Researchers at the University of Central Florida (UCF) in the US have developed an integrated optical sensor for dopamine detection directly from unprocessed blood samples.
Designed by the team at UCF NanoScience Technology Center, the low-cost sensor is intended for the diagnosis and monitoring of various neurological disorders and certain cancers.
The team was led by UCF NanoScience Technology Center professor Debashis Chanda.
UCF’s plasmonic sensor utilises a gold pattern that causes electrons to create waves known as plasmons.
These waves intensify with a special optical setup and can be altered by the presence of new molecules, such as dopamine, which in turn affects light reflection and enables detection.
Chanda said: “This plasmonic biosensor is extremely sensitive to low concentrations of biomolecules, which makes them a promising platform for specialised assays, point of care applications in remote locations.
“In this work, we demonstrated an all-optical, surface-functionalized plasmonic biosensing platform for the detection of low concentrations of neurotransmitter dopamine directly from diverse biological samples which includes protein solutions, artificial cerebrospinal fluid, and unprocessed whole blood.”

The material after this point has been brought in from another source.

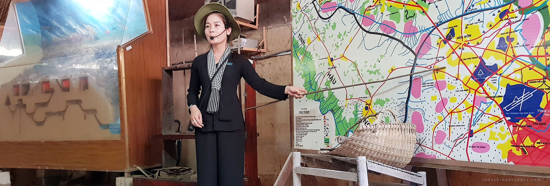 After lunch at a local restaurant, we go back and stop en route for photos shooting at times. We arrive at the well-known Cu Chi area and explore the complicated network of underground tunnels in Cu Chi, which were used by the V.C and guerilla fighters during wartime. Walking along the narrow paths of the tropical forest in Cu Chi to witness the remains of the torn Vietnam War before getting back to your vehicle and transferring back to Saigon in the afternoon.

The sensor employs a synthetic DNA strand, or aptamer, to identify dopamine, bypassing the need for biological elements like antibodies or enzymes.
This not only reduces costs and simplifies storage but also allows for direct dopamine detection from blood without prior processing.
The aptamer-coated sensor targets specific molecules with high precision, demonstrating the potential of plasmonic "aptasensors" in developing diagnostic tools for monitoring diseases and medical diagnostics.
In 2021, UCF researchers developed a device to identify viruses such as Covid-19 in the human body as quickly as rapid detection tests.